'Omicron is not the final variant': Some front line workers cautious over dropping COVID-19 rules
Approximately 750 Alberta Health Services' employees, who are on leave without pay because of their choice not to be vaccinated against COVID-19, will be allowed back to work by the end of this month.
The decision, made on Tuesday, means that AHS will be contacting all those workers to ask them to return to the job.
Health Minister Jason Copping said with Omicron slowing down and hospitalizations dropping, it was time to drop the policy that required all health-care workers to be fully vaccinated.
The regular rapid testing procedures will also be scrapped.
"When this immunization policy was implemented late last year, it was to protect patients, health-care workers and the public during a time of record transmission and an incredibly severe wave of Delta," Copping told a media conference Tuesday.
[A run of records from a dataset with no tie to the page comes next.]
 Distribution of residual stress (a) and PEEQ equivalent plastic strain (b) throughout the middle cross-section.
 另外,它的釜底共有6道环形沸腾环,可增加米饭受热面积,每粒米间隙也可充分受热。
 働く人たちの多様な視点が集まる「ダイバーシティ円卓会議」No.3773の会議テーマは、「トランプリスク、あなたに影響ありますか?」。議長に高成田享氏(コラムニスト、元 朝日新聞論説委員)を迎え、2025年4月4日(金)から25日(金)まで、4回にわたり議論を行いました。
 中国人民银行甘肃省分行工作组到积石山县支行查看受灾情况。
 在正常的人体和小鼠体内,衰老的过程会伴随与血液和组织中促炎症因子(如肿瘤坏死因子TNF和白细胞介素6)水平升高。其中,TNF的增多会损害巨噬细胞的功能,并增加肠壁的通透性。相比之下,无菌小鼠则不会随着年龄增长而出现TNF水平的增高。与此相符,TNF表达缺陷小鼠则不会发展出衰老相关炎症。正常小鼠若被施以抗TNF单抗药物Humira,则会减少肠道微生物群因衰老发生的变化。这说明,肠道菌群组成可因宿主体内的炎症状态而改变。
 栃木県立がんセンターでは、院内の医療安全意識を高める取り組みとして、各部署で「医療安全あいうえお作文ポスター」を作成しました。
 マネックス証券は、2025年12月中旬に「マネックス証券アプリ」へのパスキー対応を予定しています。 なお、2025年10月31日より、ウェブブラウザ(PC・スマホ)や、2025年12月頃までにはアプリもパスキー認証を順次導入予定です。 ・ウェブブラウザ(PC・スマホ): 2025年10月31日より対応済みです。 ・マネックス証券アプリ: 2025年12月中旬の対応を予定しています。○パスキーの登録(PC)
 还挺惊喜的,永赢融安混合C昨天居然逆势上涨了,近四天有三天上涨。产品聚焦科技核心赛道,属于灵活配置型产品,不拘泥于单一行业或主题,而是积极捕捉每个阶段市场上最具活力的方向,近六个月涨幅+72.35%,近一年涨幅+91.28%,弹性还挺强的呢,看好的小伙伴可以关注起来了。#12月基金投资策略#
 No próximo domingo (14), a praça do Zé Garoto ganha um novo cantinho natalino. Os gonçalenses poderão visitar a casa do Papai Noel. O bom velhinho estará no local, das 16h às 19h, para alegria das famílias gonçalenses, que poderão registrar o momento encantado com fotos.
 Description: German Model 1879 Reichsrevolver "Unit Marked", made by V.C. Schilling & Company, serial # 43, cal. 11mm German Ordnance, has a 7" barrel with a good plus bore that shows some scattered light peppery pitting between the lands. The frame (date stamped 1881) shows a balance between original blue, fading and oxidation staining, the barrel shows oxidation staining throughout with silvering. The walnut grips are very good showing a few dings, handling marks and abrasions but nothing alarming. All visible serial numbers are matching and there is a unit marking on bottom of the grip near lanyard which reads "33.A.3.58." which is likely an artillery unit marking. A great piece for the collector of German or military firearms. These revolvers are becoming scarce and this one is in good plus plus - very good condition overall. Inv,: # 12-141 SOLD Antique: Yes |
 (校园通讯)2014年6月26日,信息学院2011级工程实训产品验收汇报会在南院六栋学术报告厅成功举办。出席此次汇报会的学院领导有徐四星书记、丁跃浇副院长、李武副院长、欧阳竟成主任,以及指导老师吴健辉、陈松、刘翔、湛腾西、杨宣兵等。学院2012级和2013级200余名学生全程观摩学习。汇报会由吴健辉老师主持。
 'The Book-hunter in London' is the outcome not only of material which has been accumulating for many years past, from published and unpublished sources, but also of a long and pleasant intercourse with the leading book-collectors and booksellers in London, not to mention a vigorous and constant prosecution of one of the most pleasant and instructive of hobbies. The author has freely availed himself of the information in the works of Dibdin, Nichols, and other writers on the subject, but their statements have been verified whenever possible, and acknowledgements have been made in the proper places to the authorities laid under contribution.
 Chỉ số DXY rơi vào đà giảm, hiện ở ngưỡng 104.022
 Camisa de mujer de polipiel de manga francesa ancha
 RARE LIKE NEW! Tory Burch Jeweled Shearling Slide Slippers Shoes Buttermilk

"Fortunately, now we are on the tail end of the Omicron wave and with our high vaccination rate, we're in a very different situation."
Some front line workers say they're anxious about the change of plans, suggesting it could be too risky even at this stage.
"It's of course too soon," said Dr. Darren Markland, an intensive care physician in Edmonton.
"Omicron is not the final variant. I'm hoping it is, my heart says it wants it to be, but my brain says, 'be careful.'"
AHS told CTV News that it's too soon to say if any of the unvaccinated workers will choose not to return to work at all.
When it comes to new hires, the agency has had a vaccination policy in place since last November, mandating that all employees must be fully vaccinated.
According to AHS, 97.7 per cent of full-time and part-time employees at AHS are fully immunized.